Extensive research has been conducted on fog removal networks, yielding remarkable progress in restoring visibility from degraded images [
5,
6]. Techniques ranging from traditional approaches like the Dark Channel Prior (DCP) [
7] to advanced deep learning methods such as convolutional neural networks (CNNs) and GridNet architectures [
8] have demonstrated substantial improvements in dehazing performance. These studies have collectively contributed to a deeper understanding of image restoration under foggy conditions, achieving impressive results in various scenarios [
9,
10,
11]. However, a significant challenge persists in the domain of fog removal research: the acquisition of paired datasets—images of the same scene captured both with and without fog. For effective training and evaluation of dehazing algorithms, datasets must include both indoor and outdoor scenes with synthetically or naturally induced fog [
12]. In practice, obtaining such paired images is exceedingly difficult due to the variability of environmental conditions and the impracticality of controlling natural fog in real-world settings. Photographing identical scenes under foggy and clear conditions simultaneously is a logistical challenge, often rendering traditional data collection methods insufficient.

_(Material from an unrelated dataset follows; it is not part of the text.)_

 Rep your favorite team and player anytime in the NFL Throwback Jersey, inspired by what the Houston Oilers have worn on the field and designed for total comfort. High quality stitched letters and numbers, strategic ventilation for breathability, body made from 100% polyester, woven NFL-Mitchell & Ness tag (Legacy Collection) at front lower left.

To address this limitation, the generation of synthetic fog becomes a pivotal step in advancing fog removal research [
13]. While numerous studies have focused on dehazing [
14,
15], fewer have explored the equally critical task of fog synthesis [
16]. The ability to artificially create fog in a controlled manner enables researchers to simulate diverse foggy conditions, thereby facilitating the development and validation of dehazing algorithms. Existing fog generation techniques include simplistic approaches, such as uniform fog application [
17], as well as more sophisticated methods like dark channel-based synthesis [
7] and distance-aware (depth-based) fog generation [
18]. Although these methods provide a viable means to simulate fog, they often lack the realism and adaptability required to mirror natural fog distributions accurately. Moreover, synthetic fog generated through rudimentary techniques may not adequately challenge the robustness of modern dehazing networks, potentially leading to overfitting or suboptimal performance when applied to real-world foggy scenes.

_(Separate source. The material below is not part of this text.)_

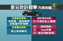 2016-10-25 21:00:40交通部推動「多元化計程車方案」上路,今天開始,國內業者就能準備申請並規劃企劃書提案,而為了跟一般小黃有所區隔,車身不限顏色、休旅車也能當計程車,價格則「回歸市場機制」,除設定上下限,其他開放業者自訂。
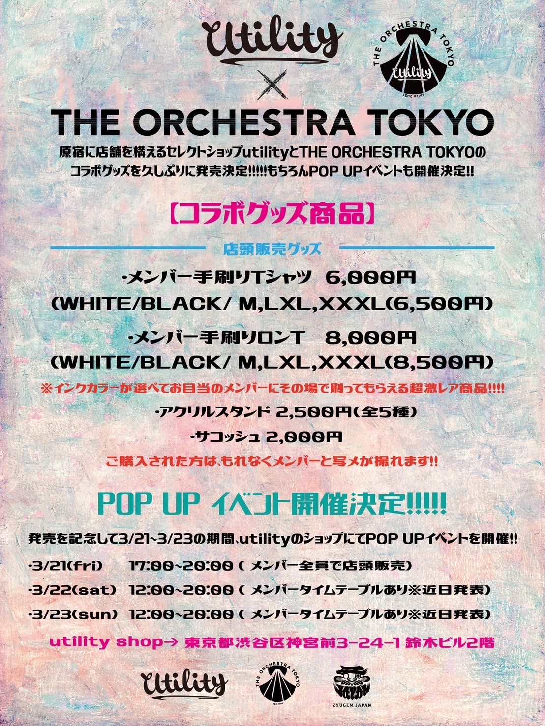 utility × オケトー コラボ第3弾 2025.03.03 NEWS グッズ utility × オケトー /2年半ぶりにコラボイベントが帰ってくる!\ utilityとTHE ORCHESTRA TOKYOのコラボグッズ第3弾を販売することが決定!さらに!発売を記念して3/21(金)〜23(日)でPOP UPイベントを開催します。メンバーも店頭に立ちますので是非!詳細は画像をチェックしてください。 今回のグラフィックアーティストもマシューマロー氏に依頼しました!フロントデザインもお楽しみに。 URL Copied!

Among the various approaches to fog synthesis, the development of a dedicated fog generation network emerges as a promising solution [
16]. Unlike traditional methods that rely on heuristic assumptions or physical models, a neural network-based fog generator can learn complex patterns of fog distribution directly from data, producing more realistic and contextually relevant foggy images. A key insight driving this research is that the efficacy of a fog generation network is closely tied to the architecture of the dehazing network it aims to complement [
8]. Specifically, leveraging a high-performing dehazing network as the backbone of the fog generation process ensures that the synthesized fog aligns with the characteristics that advanced dehazing algorithms are designed to address. This symbiotic relationship between fog generation and removal enhances the overall performance of the system, as the generated fog can effectively test and validate the limits of the dehazing network.

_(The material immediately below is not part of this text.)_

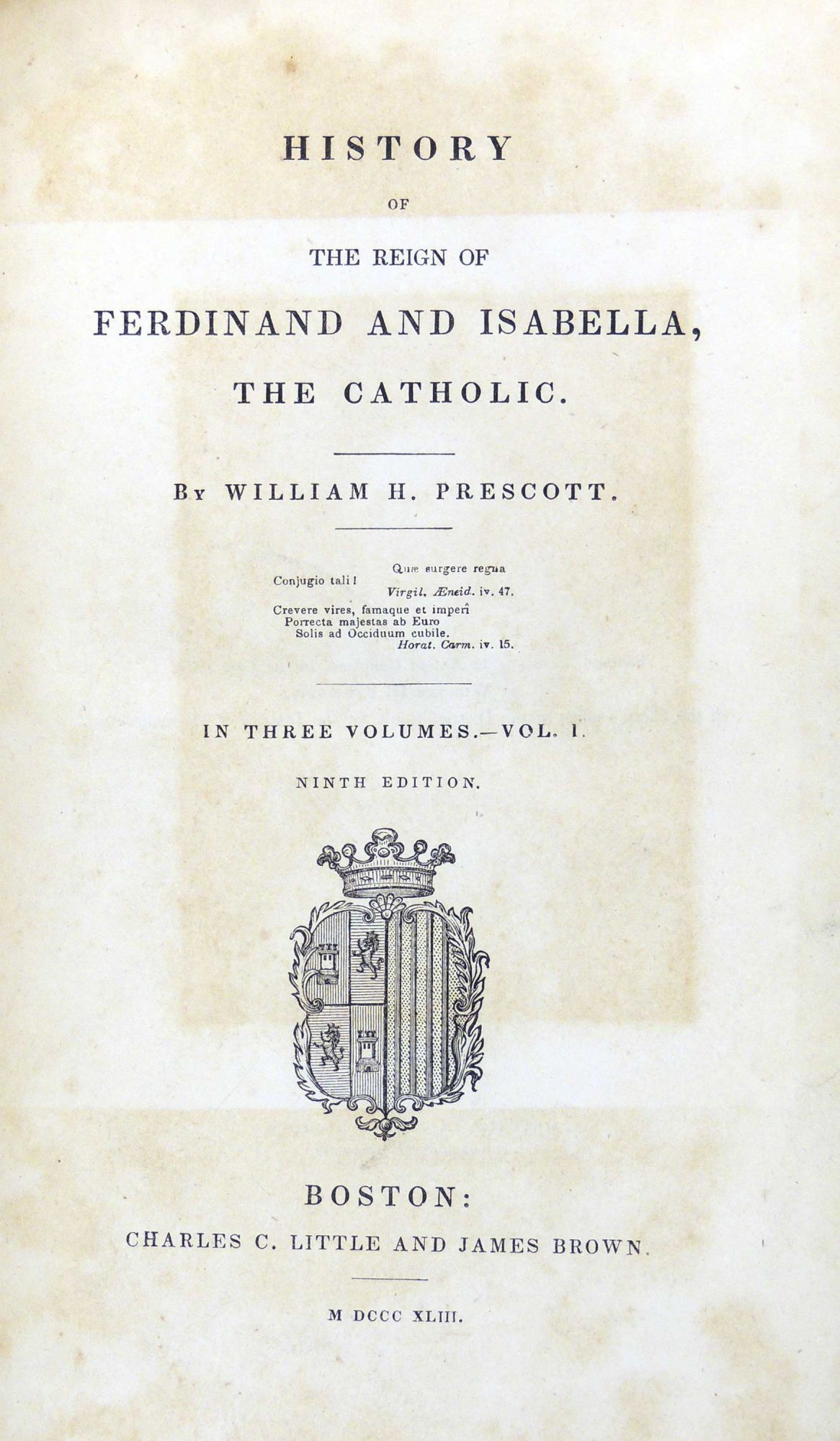 Boston: Charles C. Little and James Brown, 1843. Hardcover. Good +. Hardcover. Ninth Edition, 3 Volumes, 8vo. Good plus full leather w/gilt bordered bands to spine; brown & gilt title label to spine is only present on vol. 2, and lacks right half. Boards are quite scuffed and worn, especially along the edges, hinges, and head/foot of spine. Spotty foxing throughout volumes, heavy on endpapers and engraved frontis./plates, all of which have their original protective tissue paper. Bindings are quite tight overall, ffep to inscription page in vol.1 are loose. 411, 509, 531 pp. Spanish History. This set may require an extra shipping fee. SPA/6193.

In this study, we propose and validate a novel approach to fog generation and removal tailored for surveillance applications. Our research focuses on training a fog generation network, utilizing a state-of-the-art dehazing neural network as its foundation [
8], to produce synthetic foggy images. These images are then used to evaluate and compare the performance of various fog generation techniques—including simple fog [
17], dark channel-based fog [
7], and depth-aware fog [
18]—against our proposed network-based method [
16]. Unlike existing fog generation methods based on physical models or depth priors, our approach uniquely leverages a high-performance dehazing network (GridNet) in reverse to synthesize fog that is better aligned with modern dehazing pipelines. This network-driven synthesis strategy produces more realistic and structurally consistent fog patterns, enabling more effective evaluation and improvement of dehazing performance. Our experiments demonstrate that the proposed fog generation network, informed by the best-performing dehazing architecture, achieves superior results, as evidenced by quantitative metrics such as Peak Signal-to-Noise Ratio (PSNR) and Structural Similarity Index (SSIM). Through this comparative analysis, we confirm that a network-driven fog synthesis approach not only enhances the realism of generated fog but also maximizes the effectiveness of fog removal, offering a robust solution for real-world surveillance systems [
1].
The main contributions of this paper are as follows:
We propose a neural network-based fog generation model built upon the GridNet architecture, enabling realistic and context-aware synthetic fog for surveillance imagery.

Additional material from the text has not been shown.